Aliás, os autores não contestam a autoria, a autenticidade do documento, pelo que não podemos deixar de qualificar a certidão em apreço como documento autêntico, nos termos e para os efeitos das disposições citadas, tendo a APA emitido tal certidão ao abrigo das competências de autoridade que lhe foram atribuídas legalmente.
O que se poderá é discutir o valor probatório deste documento.
Quanto à força probatória plena dos documentos autênticos, estatui o artº 371º do Código Civil que “Os documentos autênticos fazem prova plena dos factos que referem como praticados pela autoridade ou oficial público respectivo, assim como dos factos que neles são atestados com base nas percepções da entidade documentadora; os meros juízos pessoais do documentador só valem como elementos sujeitos à livre apreciação do julgador”.
Na verdade, no documento existe uma descrição morfológica do terreno em questão, que, consequentemente, leva a uma conclusão jurídica (…)

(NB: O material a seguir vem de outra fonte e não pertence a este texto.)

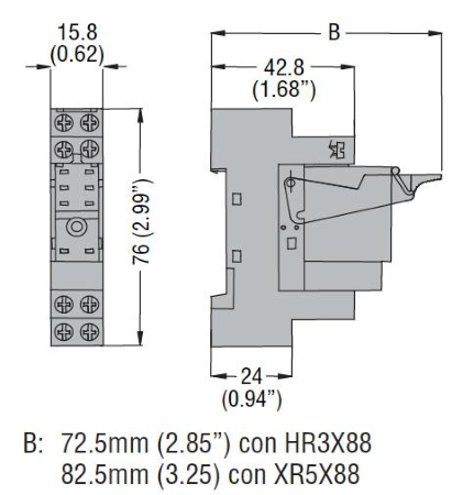 Zoccolo per rele' per montaggio su guida DIN o a vite, terminali a vite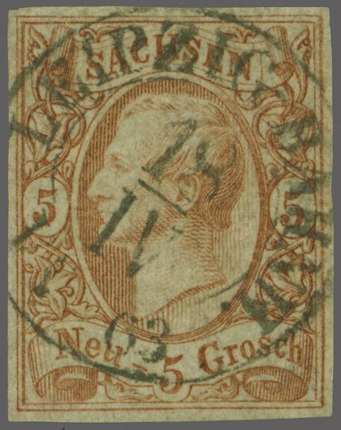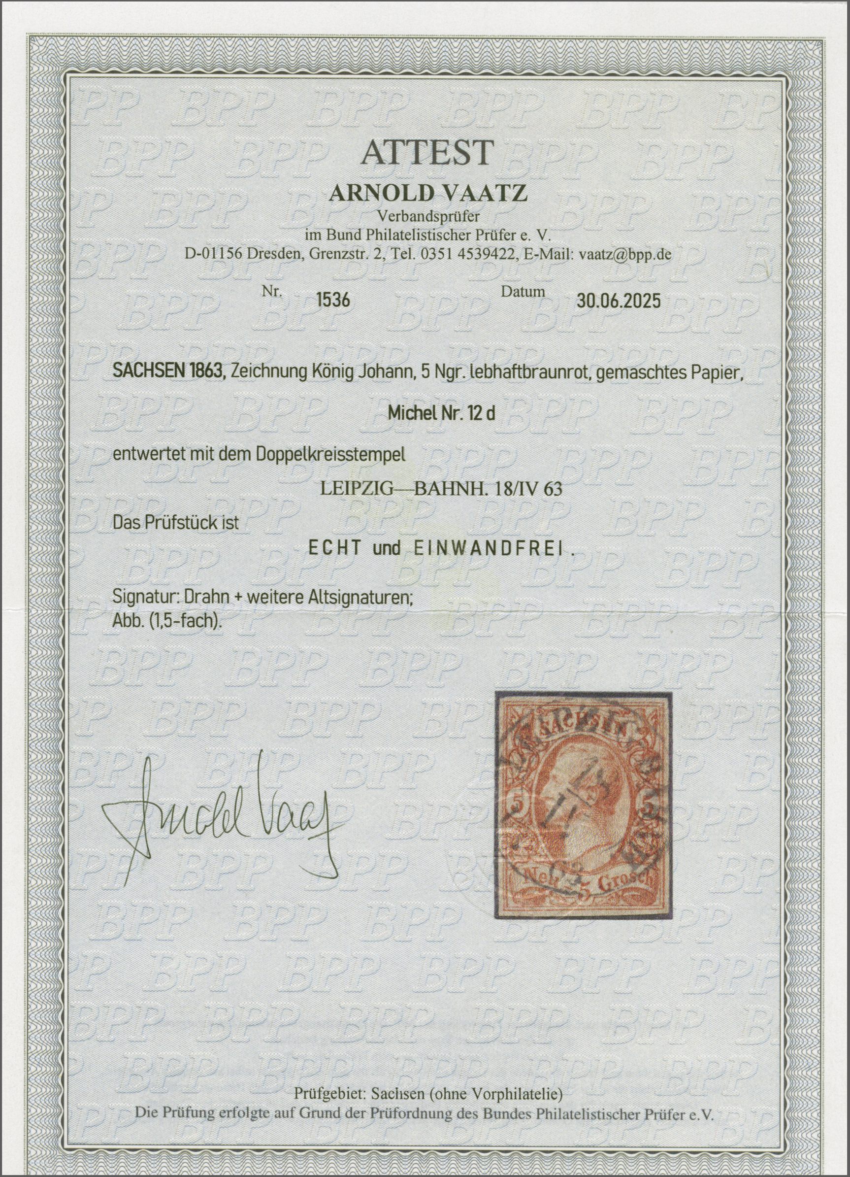 1684 image1863: König Johann 5 Ngr. lebhaftbraunrot, lebhaft breit gerandet.. entw. mit Zweiklreiser "LEIPZIG BAHNH. 18/IV 63". Signiert Drahn; Attest Vaatz (2025) Mi = € 750 (Image 1) (Image 2) (Image 3)

Porém, o que releva, é essa descrição, “(…) a unidade morfológica comummente denominada Ilha da Culatra, bem como as restantes ilhas barreira da Ria Formosa, (…) (cujas) características do solo (têm) a natureza de areias formados por deposição aluvial”.
A referida descrição é, como não poderia deixar de ser, abrangida pela força probatória plena que lhe é conferida pelo artº 372º, nº 1 do Código Civil, segundo o qual os factos atestados no documento público- certidão emitida pela APA- só podem ser ilididos com base na sua falsidade, a apreciar através do competente incidente de falsidade a que se refere o artº 446º e seguintes do Código de Processo Civil.
Na verdade, o que é fundamental é o que a autoridade pública atesta como sendo o objecto da sua percepção: as características do terreno acima descritas (…).
Defender (…) que se trata de um caso típico de juízo pessoal do documentador ou parecer não tem, em nosso entender, fundamento, na medida em que não se contrapõe tratarem-se de factos, de uma realidade, que os técnicos não tenham percepcionado.
Aliás, bastaria que se deslocassem ao local (o que não se (pode) afirma(r) que não o tenham feito) para aferir da natureza do terreno, devendo as referências e estudos que mencionam na nota técnica ser entendidas, como não pode deixar de ser, para reforço da sua posição quanto a essa natureza do solo.
(…)
Aliás, que assim é, ou seja, que as ilhas que compõem o sistema da Ria Formosa resultam da deposição de areias resulta, para além da bibliografia citada na mencionada nota técnica, surge referenciado no livro do 4º ano do 1º ciclo, levando a que se considere que se trata de uma realidade consolidada e conhecida desde a escola primária (vide Carlos Letra e Ana Margarida Afreixo, in “Estudo do Meio”, 4º ano, edições Gailivro, edição de Janeiro de 2017, p.106, no qual, a propósito das características e aspecto da costa de Portugal Continental, se diz na legenda da fotografia que exemplifica a “Laguna Costeira” que é formada devido à acumulação de areias e à formação de cordões dunares, sendo exemplos a Ria Formosa e a Ria de Aveiro).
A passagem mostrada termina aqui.